I started this post so I would not l HI Jack the one on Keyless Chucks.

How do you sharpen your Drill bits?

I use the sooper Dooper Deluxe Drill Doctor. 

It works well but sometines not on the real small ones.

JJ


----------



## dieseldude (Apr 21, 2009)

John- I also use the super (sooper) duper (dooper) deluxe Drill Doctor. It really does do a great job on most bits. I don't sharpen the tiny ones because I usually break them and swear at them first!!! He he he he!!!


----------



## Dan Pantages (Jan 2, 2008)

I do not believe you can beat a Drill Doctor. I have the 750 which does up to 3/4" and down to 3/16, past the ends of these sizes I don`t think it`s important. Personally I don`t think there is a better tool made for sharpening drills, just my opinion.


----------



## Totalwrecker (Feb 26, 2009)

#60 - 70 (as well as fractional) bits can be sharpened on the side of a 'fine stone' seperating disc. Medium speed. Slower as the size decreases. It's hand held and done by sight. a slight twist as you hold it against a spinning disc. Always wear eye protection, I wear my optivisors to see what I'm trying to do. Cut into the edge, never away. Pin vises save the fingers. 
Not all seperating discs are the same, I have some that are .009" thick, these are too fragile for sharpening, but the ones aprox .020 are good. Not the ones from Dremel, they are too coarse (ones I've seen). 

John


----------



## RailCat (Apr 10, 2009)

Just looked at the Drill Doctor web site and the YouTube video link I found there. For the price, it looks like it may work very well for a hobbyist. I have had a Black Diamond BW-95PC at the shop for 10-15 years now. It works well 'though I need to disassemble the point splitting arm and clean it. It still has the same CBN wheel it was purchased with. The biggest advantages I see over the Drill Doctor are that it can sharpen parabolic flute drills, has an interchangeable collet holding system that grips the drill close to the tip, and probably has more adjustments. It can sharpen a point angle down to about 80 degrees. (We use 90 degree points for spot drills.  Common point angles are 118 degrees or 135 degrees.) It can also do brass points to prevent the drill from sucking in on softer metals. Its only drawback I can see is its price. I was shocked when I Googled Black Diamond's site and saw the prices. I cannot remember how much we paid for ours. I see the Drill Doctor has adjustments for material removal and point angle. I wonder if there is an adjustment for heel clearance. This usually needs to be changed depending on the point angle and web thickness. 

Scott


----------



## hawkfanjohn (Nov 17, 2009)

I had a guy we got from temp services ask if he should sharpen some bits after we broke a couple at a secluded job site. Found out his previous job was to hand sharpen bits (constantly) ! After watching him I started sharpening my bits on a grinding wheel by sight. While I'm not anywhere near what that guy did I get about 75-80% a lot sharper than they were! 

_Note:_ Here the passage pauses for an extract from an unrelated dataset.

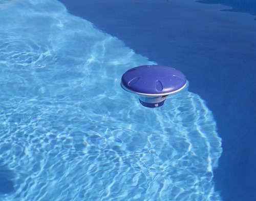 Dispenser för desinfektionstabletter med barnlås. Flyter ovanpå vattenytan och avger långsamt vattenvårdande medel till poolvattnet.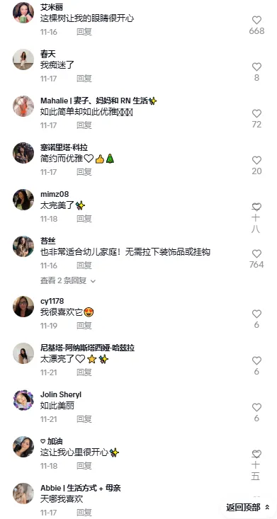 在评论区,网友们被这款蝴蝶结圣诞树装饰的美感所惊艳,称其既简单又优雅,更有网友表示这是一棵独特的“风骚美学”圣诞树。

never tried one of those fancy sharpening machines


----------



## Madman (Jan 5, 2008)

I had the Drill Doctor 750 at one time. I never had good luck with it, other than occasionally I would get good results. Before the Drill Doctor, I had one of these http://www.amazon.com/AJ-Drill-Bit-...amp;sr=1-6 I sold my D.D. and went back to the General drill bit sharpener. In my opinion, it can't be beat. Everything is right there in the open for you to see. Instructions are simple, even* I* got it.


----------



## Jack - Freshwater Models (Feb 17, 2008)

Good drill sharpening jig/fixtures are expensive costing hundreds of dollars or more. Typically, a machine shop will spend about $1800 on a drill grinding machine. Not exactly something for the home work shop. 

General makes a simple drill sharpening fixture available in many hardware stores for about $20. It's OK but doesn't work like a pro unit. If you add some sort of screw feed arrangement to the base they work pretty good for many medium sized drills in the 3/32" - 5/16" range. 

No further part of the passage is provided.